Виктор Гюго, поглощенный театральными репетициями, совсем не бывал дома. Он писал друзьям: «Вы знаете, что я обременен, подавлен, перегружен, задыхаюсь. Комеди-Франсез, „Эрнани“, репетиции, закулисное соперничество, актеры, актрисы, подвохи газет и полиции, а тут еще мои личные дела, по-прежнему весьма запутанные: вопрос с отцовским наследством все еще не улажен… наших песков в Солони уже полтора года никак не могут продать; дома в Блуа мачеха оспаривает у нас… словом, ничего или почти что ничего нельзя собрать из остатков большого состояния, одни только судебные процессы и огорчения. Вот какова моя жизнь. Где уж тут всецело принадлежать своим друзьям, когда и себе-то самому не принадлежишь…»
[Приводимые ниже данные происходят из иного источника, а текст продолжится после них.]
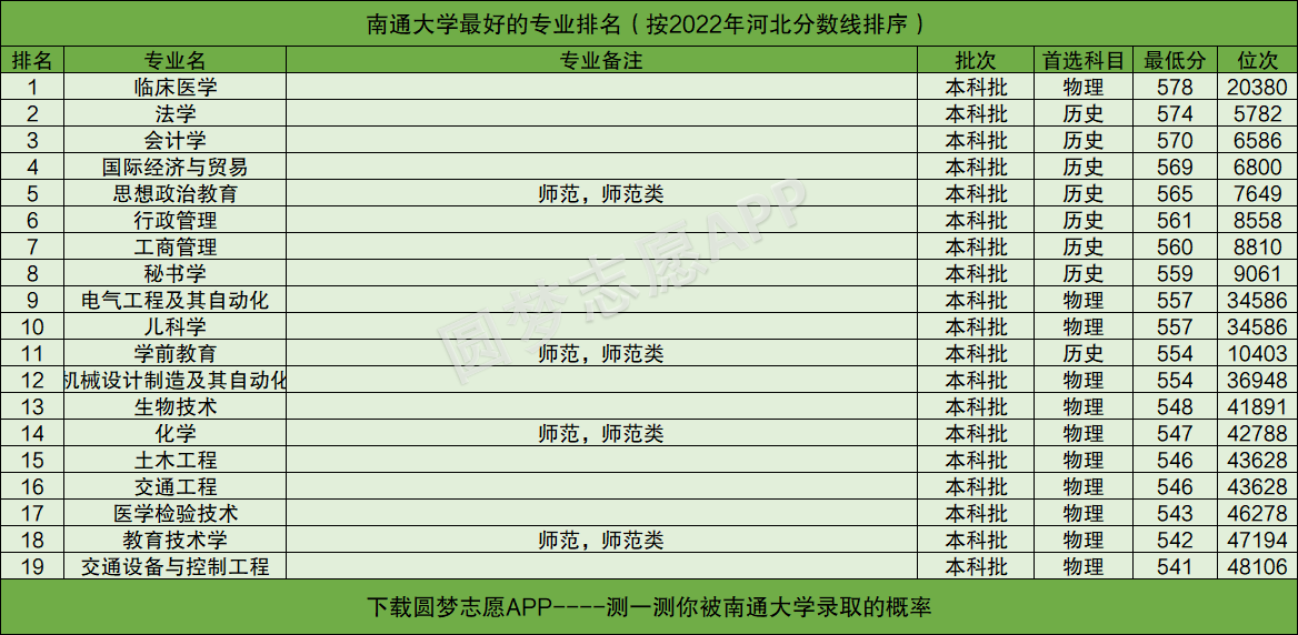 友情提醒:下载圆梦志愿APP,可查阅南通大学在你的高考省份各专业的录取分数线、位次排名。(各大手机应用市场均可下载圆梦志愿APP)
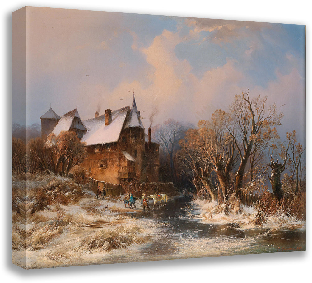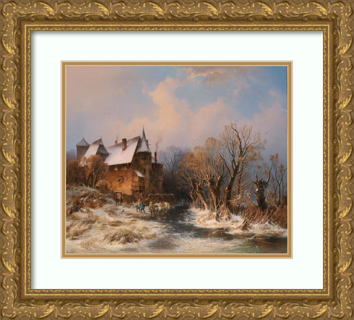River Landscape in Winter with House and Decorative Figures
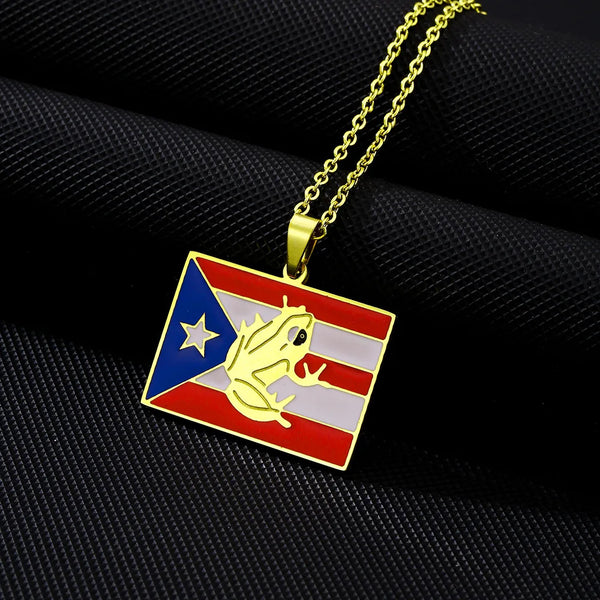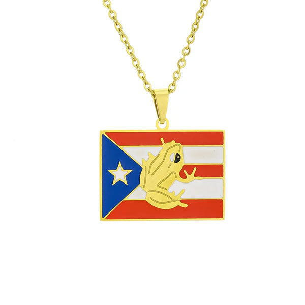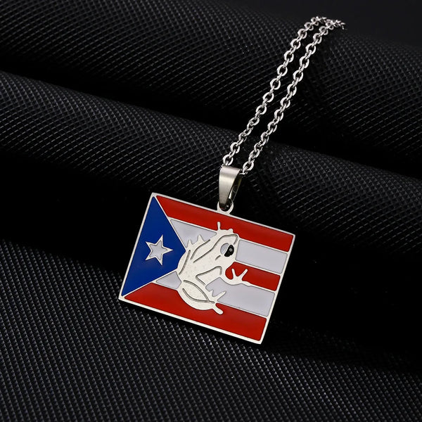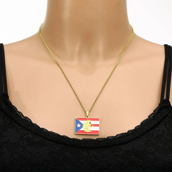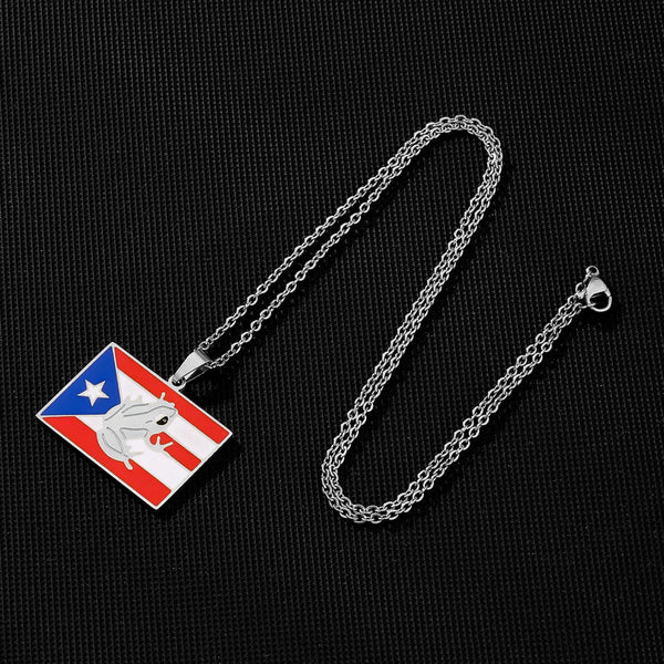 2024 New fashion stainless steel Puerto Rico Flag necklace for women and men couples ethnic style accessory collarbone chain ann
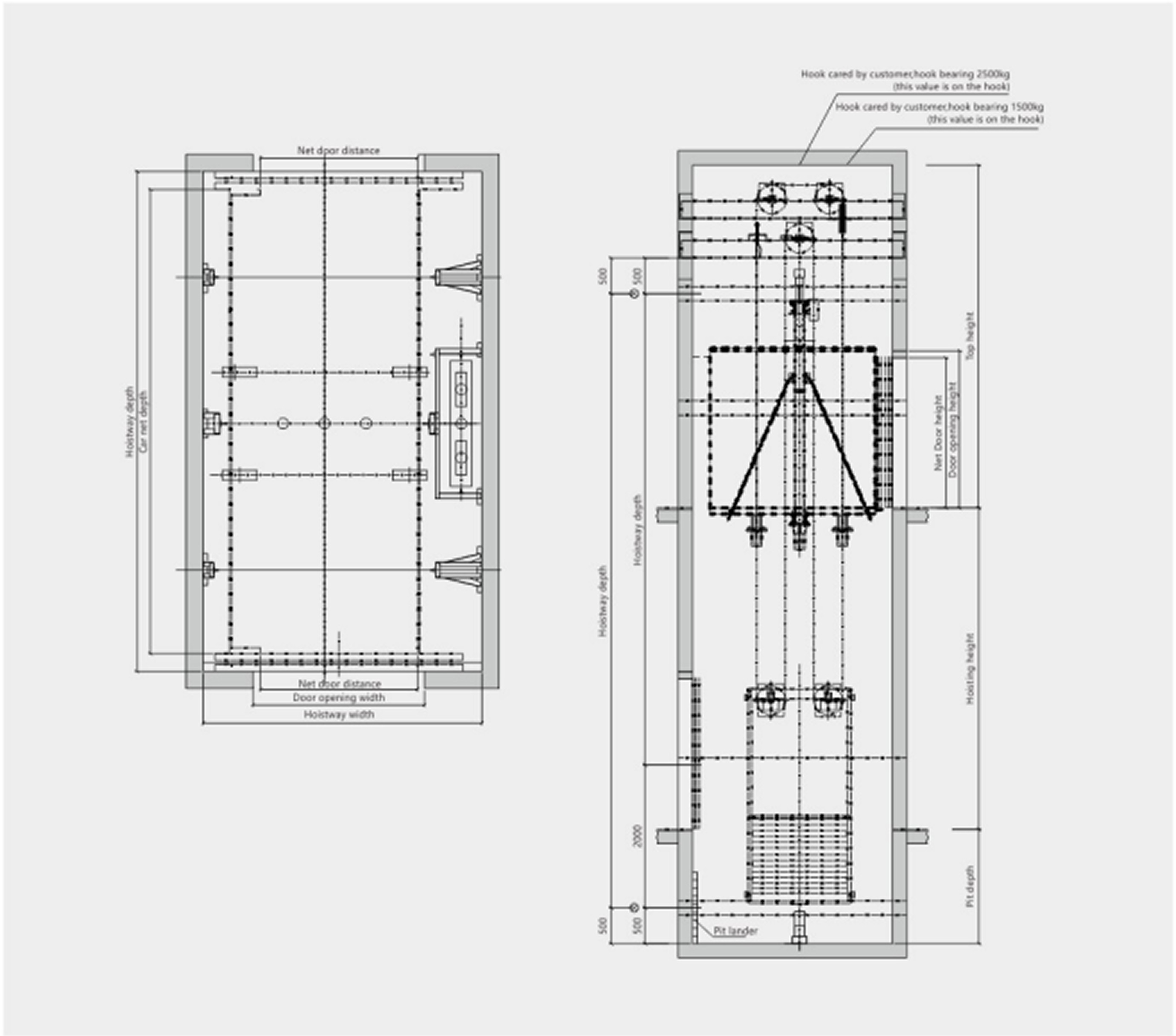 Door opening: Project specific (typically ~2.3–2.6 m wide; height as applicable)
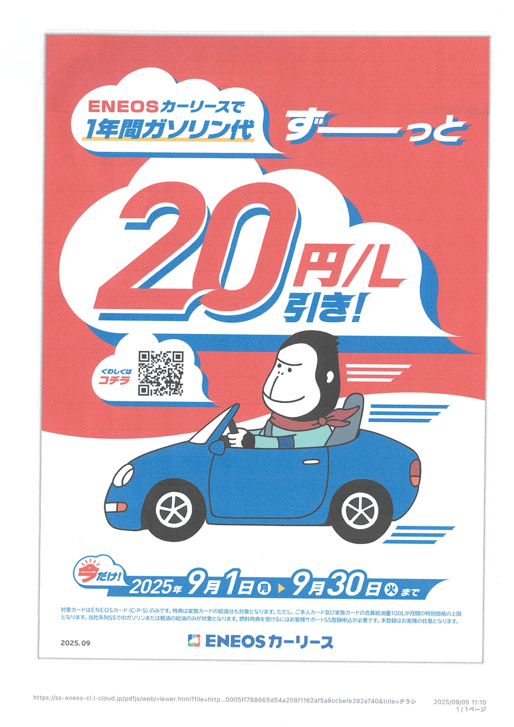 詳しくはこちらのENEOSのサイトをご確認下さい→ENEOSカーリース 1年間ガソリン代20円/L引きキャンペーン | ENEOSカーリース

Действительно, Гюго, который с гордостью выставлял себя образцовым мужем и отцом, больше не принадлежал своей семье. Нужно было, чтоб драма «Эрнани» любой ценой имела успех, так как судебные тяжбы и хлопоты поглотили все сбережения супругов. Адель, у которой кошелек опустел, всей душой предалась этой спасительной битве, сражаясь рядом с мужем. Провал «Эми Робсар» показал им всю опасность театральных козней, и Гюго твердо решил захватить собственными своими войсками зрительный зал Комеди-Франсез в вечер первого представления. А войск у него было достаточно. Каждый начинающий художник питал честолюбивое стремление выступить на защиту самого крупного поэта Франции от рутинеров, проповедников классицизма. «Разве не было естественным противопоставить дряхлости — молодость, лысым черепам — пышные гривы волос, косности — энтузиазм, прошлому — будущее?» У Жерара де Нерваля, на которого возложили вербовку легионов, карманы полны были квадратиками красной бумаги, на которых стоял таинственный гриф: «Hierro». Это был клич альмогаваров: «Hierro despertata!» («Шпага, пробудись!»)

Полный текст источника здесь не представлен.